Exercise goal: Begin your copy at the line with "在实际的运作中,我们可以看到" in the records below and end it at the line with "والقطوف: جمع قِطْف،", restating each line word for word; omit the pictures.

------ Data for the task ------

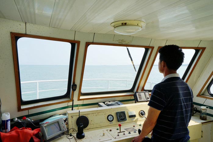 在任家台渔港坐着游船出海,感觉真是好,尤其是旺季来临前的这一段时间,天气也热了,太阳还不算太晒,游船上面的游客也不多,可以满船上上下下任意的溜达,连驾驶舱都可以随便进出,只要你不打扰开船师傅的工作。行驶在一望无际的黄海海面上,天和海一个颜色,只是一深一浅,笔直的地平线告诉我们这是两个世界,但其实也是我们想要抵达的终点。
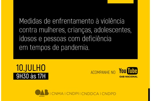 Dia 10 de julho é dia de debater um tema muito importante no contexto da pandemia e caro para a OAB. A Ordem promove o debate Medidas de Enfrentamento à Violência contra Mulheres, Crianças, Adolescentes, Idosos e Pessoas com Deficiência em Tempos de Pandemia. O evento, totalmente online, é realizado por meio das comissões nacionais da Mulher Advogada; de Defesa dos Direitos da Pessoa com Deficiência; de Defesa dos Direitos da Criança e do Adolescente; e de Defesa dos Direitos da Pessoa Idosa.
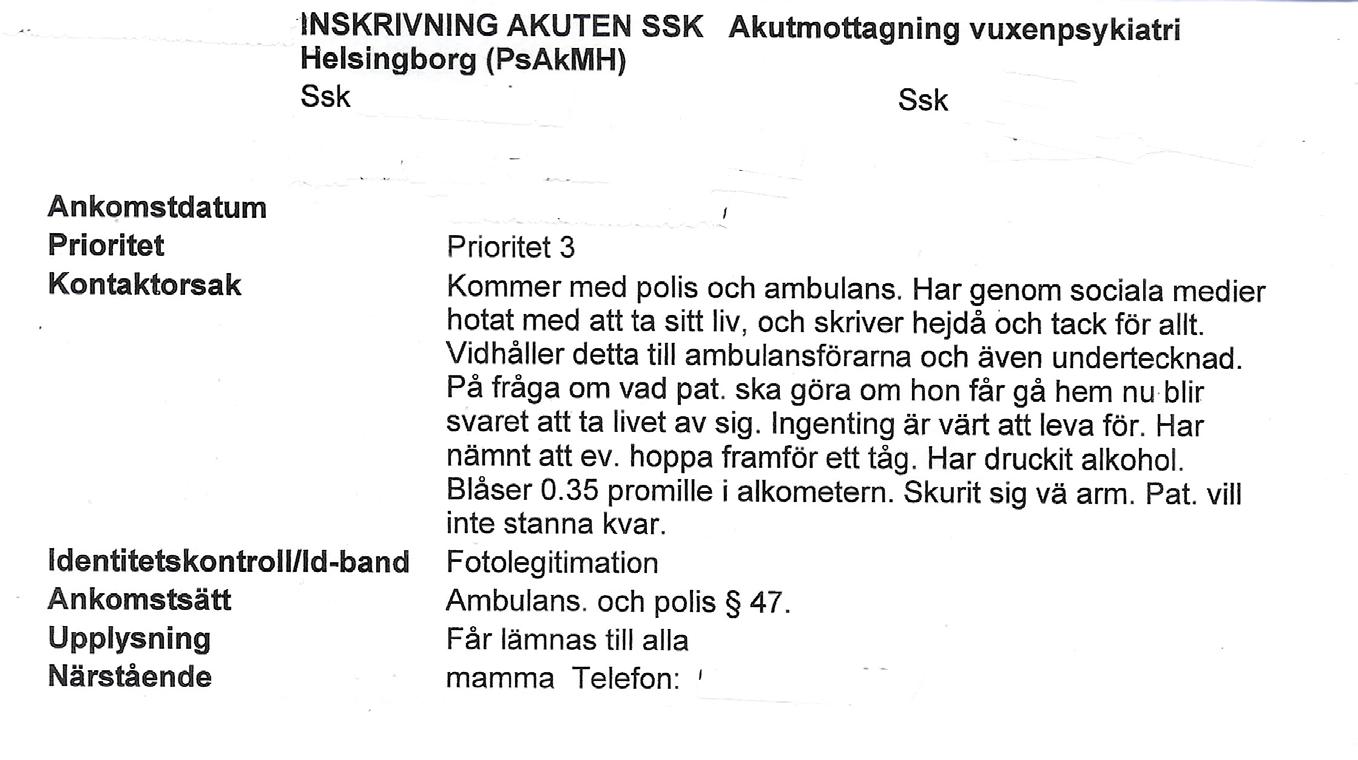 Den kvinnliga polisen la handen på min högra axel och med vänlig röst sa hon till mig att jag behövde följa med och att jag nog förstod det själv. Men det gjorde jag inte, inte alls. Följa med vart och varför? Att dagen som skulle avsluta allt, radera mig från kartan, blev början på ett helt nytt kapitel i mitt liv var inget jag någonsin kunde drömma om. Psykiatrin, som oftare benämndes som ”femte våningen”, skulle nu bli mitt hem för år framöver. Efter mycket tårar körde de in mig till Helsingborgs lasarett. På akutmottagningen för dårar visades jag först in i ett mindre rum som påminde om de fängelseceller jag sett på film. Rum med endast en bänk och längst in en toalett i plåt. Spegeln, även den i plåtliknande material, som skapade den skeva spegelbild jag kände mig som.
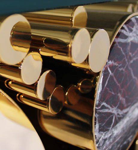 Immerse in luxury with our modern console—marble elegance, polished gold stainless steel, and glass allure.
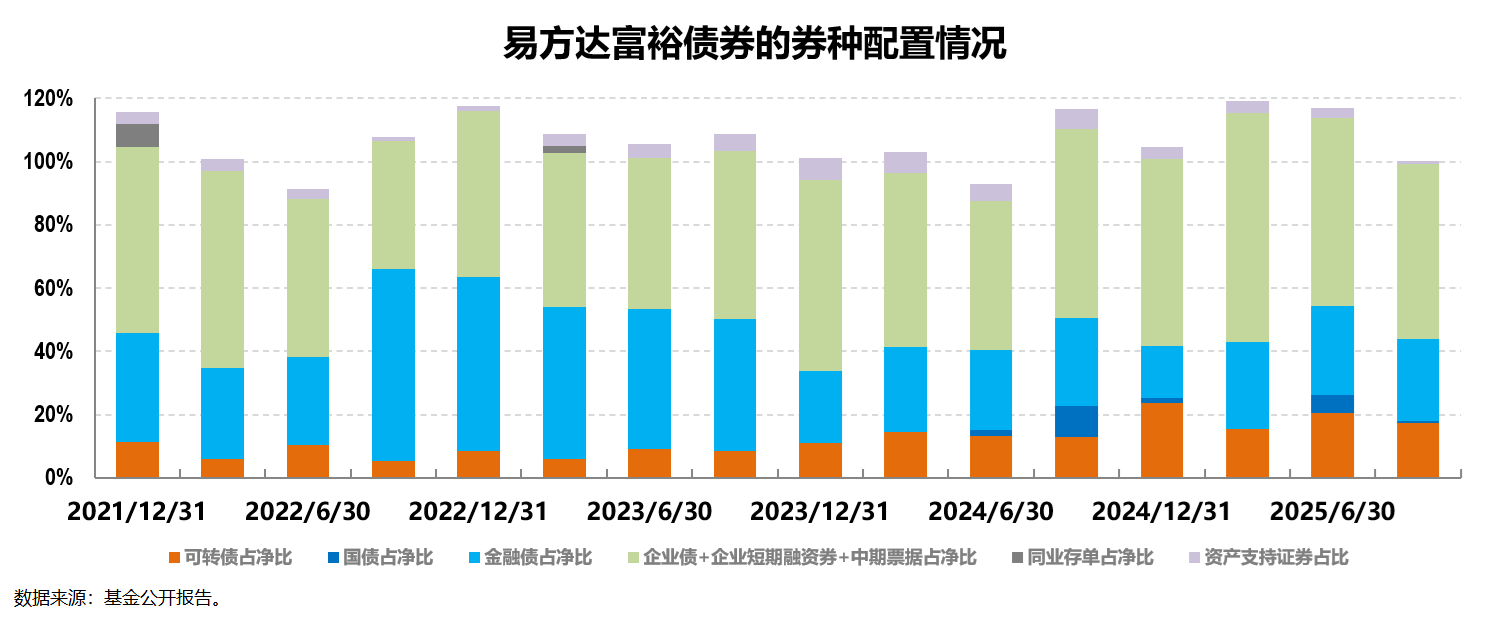 在实际的运作中,我们可以看到组合的股票仓位均不超过20%,自2021年四季度末至2025年三季度末的平均股票仓位为17.12%;相应的其债券仓位从未低于过80%,自2021年四季度末至2025年三季度末的平均债券仓位为102.95%。
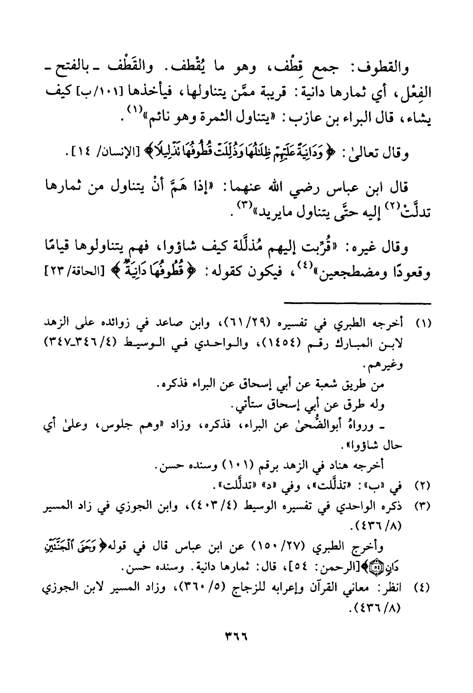 والقطوف: جمع قِطْف، وهو ما يُقْطف. والقَطْف -بالفتح- الفِعْل، أي ثمارها دانية: قريبة ممَّن يتناولها، فيأخذها كيف يشاء، قال البراء بن عازب: "يتناول الثمرة وهو نائم" (¬١) .
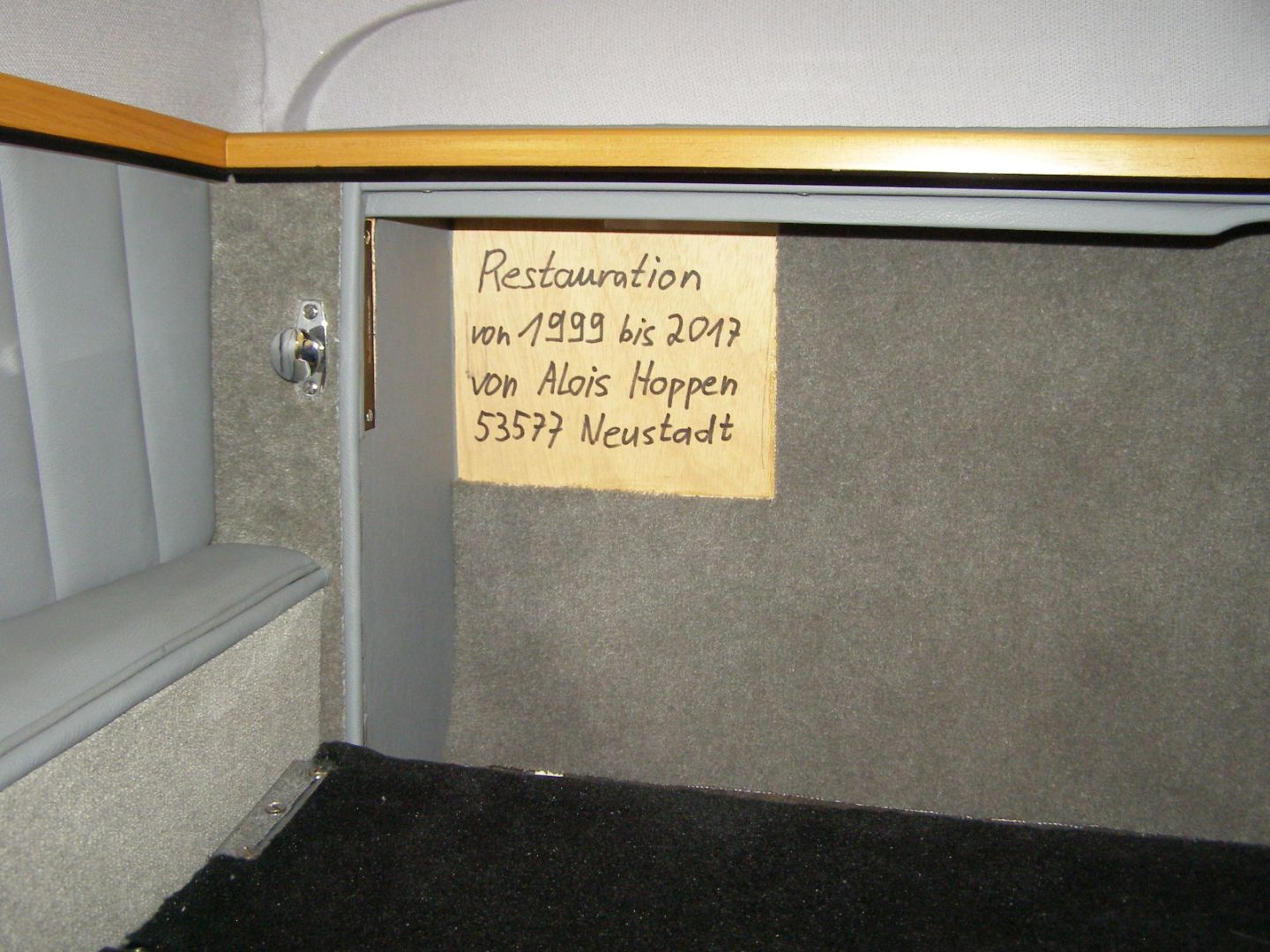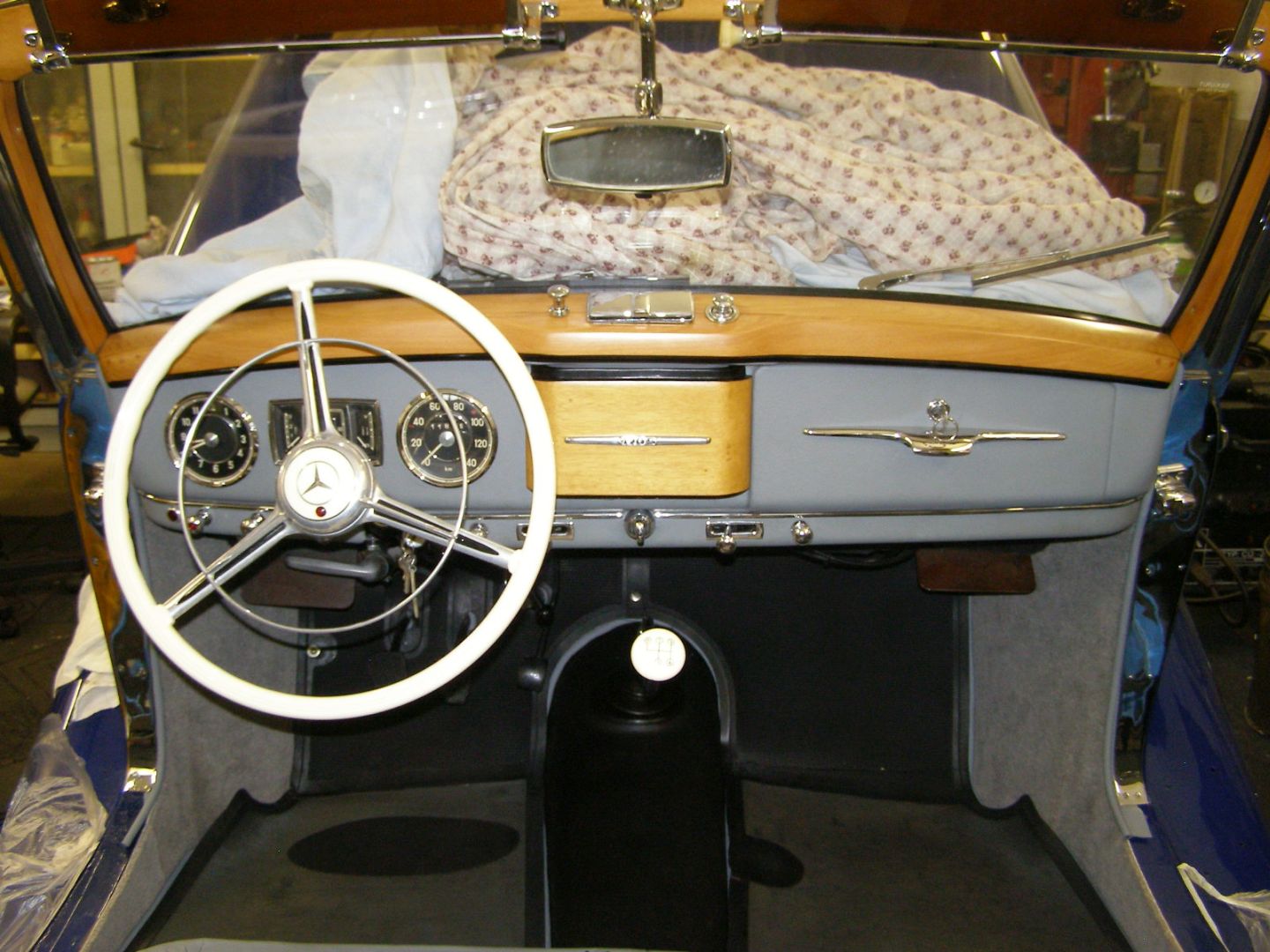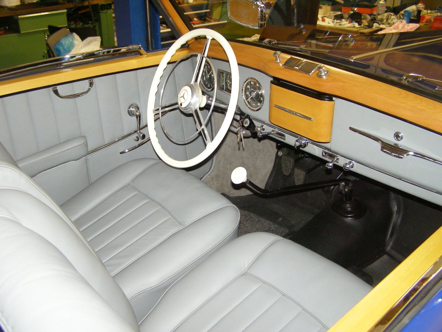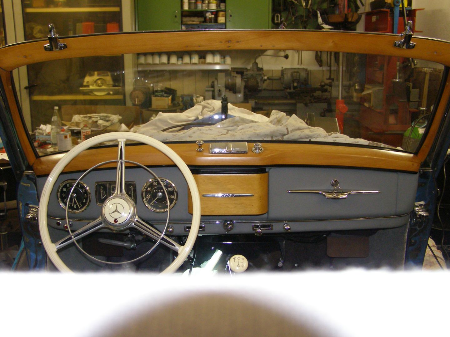Mit dem Hauptzusammenbau und das Einziehen und Verklemmen der Kabelbäume fing ich 2015 an. Die Winkerfunktion mit Blinker jede Seite in gleicher Frequenz blinkend und Blinker in der Zweikammerschlussleuchte in originaler Eierleuchte (aber mit 3 Funktionen für Schluss-, Blinker- und Bremslicht), Betätigung natürlich über den Lenkrad-Hupenring, dann die zwingend erforderliche Warnblinkanlage, und das alles noch in 6 Voltausführung, waren schon interessante Herausforderungen. Zuschneiden, Verlegen und Kleben der Teppichteile und Lederbezug, unzählige Ledereinfassungen, Himmel und Dachabschluss waren im Winter 2016/17 angesagt. Anfang 2017 passte ich das sichtbare Interieurholz von Ausschlag, Fensterschlüssel, Fondbereich und Türen an und montierte es im Baufortschritt zusammen mit den Interieurteilen. Ich achtete exakt auf die gleiche handwerkliche Verarbeitung und Montage, z.B. alles mit Schrauben, Muttern etc. aus den 40/50er Jahren, also z.B. Schlitzschrauben, 8er Schrauben mit 14er Sechskant, usw. Sämtliches Zierholz ohne sichtbare Montageschrauben. Die ehemalige Handwerkstechnik hierfür konnte ich mir an meinem zweiten 170er SAC abgucken, der bis dato niemals auseinander gebaut war. Im Nachhinein muss ich feststellen, dass ich ohne den zweiten SAC als Anschauungsobjekt das Konvolut aus lieblos demontierten Alt- und Neuteilen ohne jegliche Aufzeichnungen nicht in der nötigen Originalität hätte aufbauen können. Letzteren tauschte ich aber (ohne zusätzlichen Geldfluss) ein für Arbeiten, die ich nicht selbst machen konnte. Lack, Ledersitzbezüge, Türbelag und Dach waren die einzigen Gewerke, die dann dem Profi überlassen wurden. Alles andere ist ganz langsam in meiner kleinen „Muckelbude“ zusammengewachsen.

------

Response below:
 在实际的运作中,我们可以看到组合的股票仓位均不超过20%,自2021年四季度末至2025年三季度末的平均股票仓位为17.12%;相应的其债券仓位从未低于过80%,自2021年四季度末至2025年三季度末的平均债券仓位为102.95%。
 والقطوف: جمع قِطْف، وهو ما يُقْطف. والقَطْف -بالفتح- الفِعْل، أي ثمارها دانية: قريبة ممَّن يتناولها، فيأخذها كيف يشاء، قال البراء بن عازب: "يتناول الثمرة وهو نائم" (¬١) .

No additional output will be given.